Rajesh Siriyala (Department of Mechanical Engineering, S.R.K.R. Engineering College, Bhimavaram, India)
A. Gopala Krishna (Department of Mechanical Engineering, University College of Engineering, Jawaharlal Nehru Technological University, Kakinada, India)
P. Rama Murthy Raju (Department of Mechanical Engineering, S.R.K.R. Engineering College, Bhimavaram, India)
M. Duraiselvam (Department of Production Engineering, National Institute of Technology, Tiruchirappalli, India)

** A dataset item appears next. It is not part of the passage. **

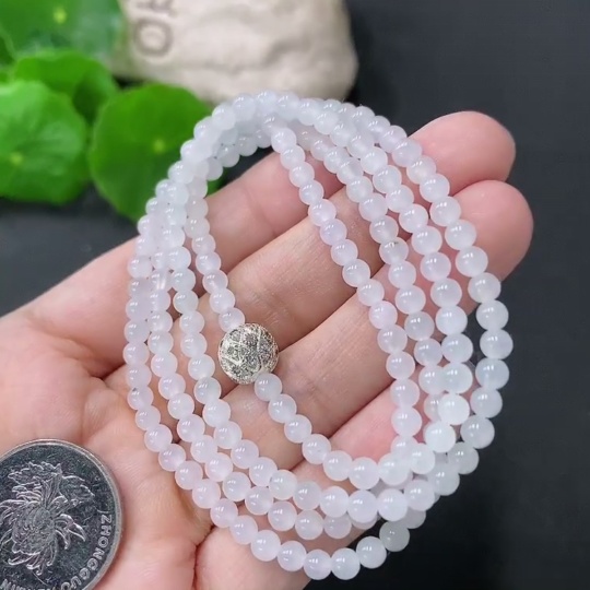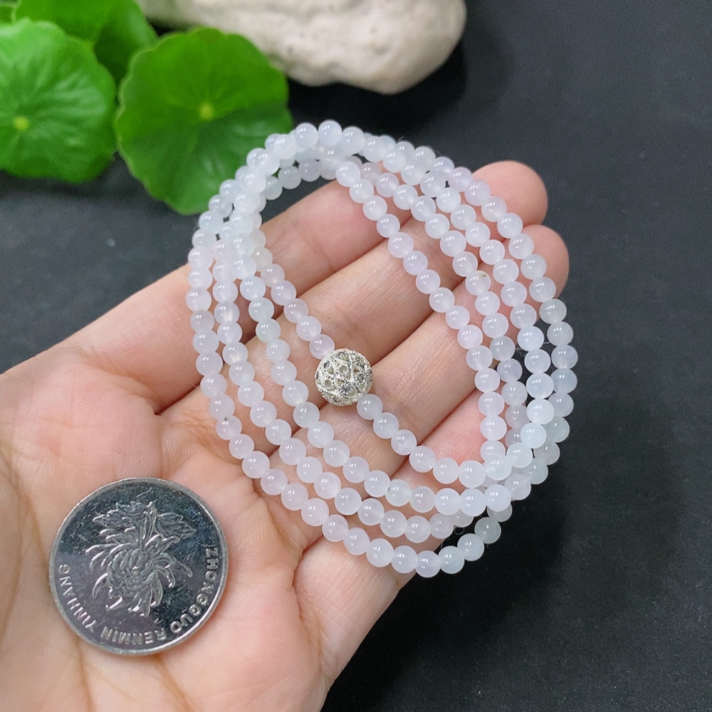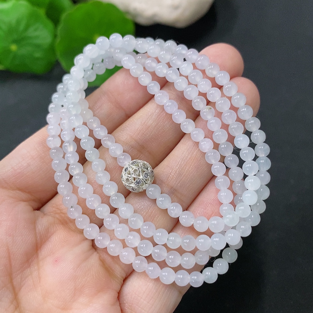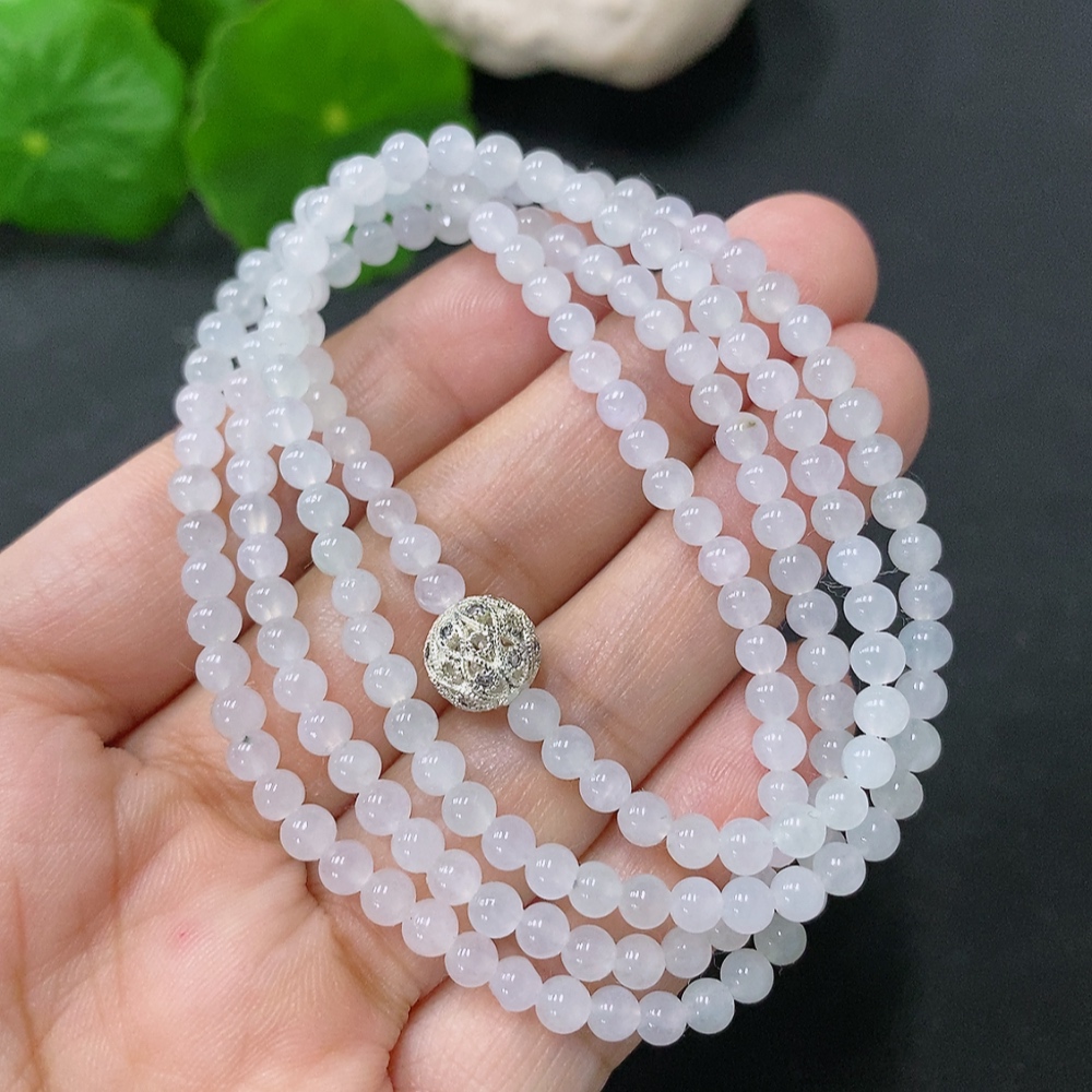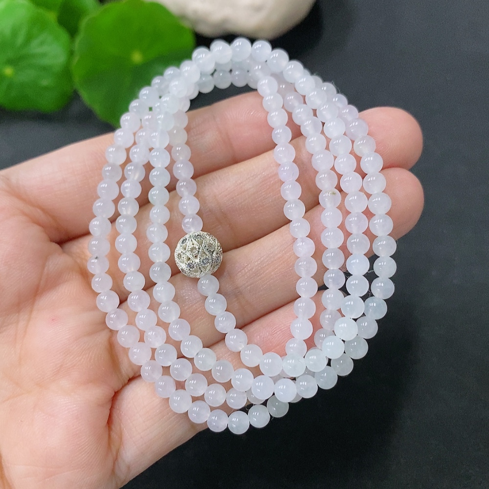 Jadeite Bead Necklace Approx. 3.8mm Non-Gold Total Weight Approx. 15.3g

Multidiscipline Modeling in Materials and Structures

ISSN: 1573-6105

Article publication date: 5 August 2014

112

Abstract

Purpose

Since, wear is the one of the most commonly encountered industrial problems leading to frequent replacement of components there is a need to develop metal matrix composites (MMCs) for achieving better wear properties. The purpose of this paper is to fabricate aluminum MMCs to improve the dry sliding wear characteristics. An effective multi-response optimization approach called the principal component analysis (PCA) was used to identify the sets of optimal parameters in dry sliding wear process.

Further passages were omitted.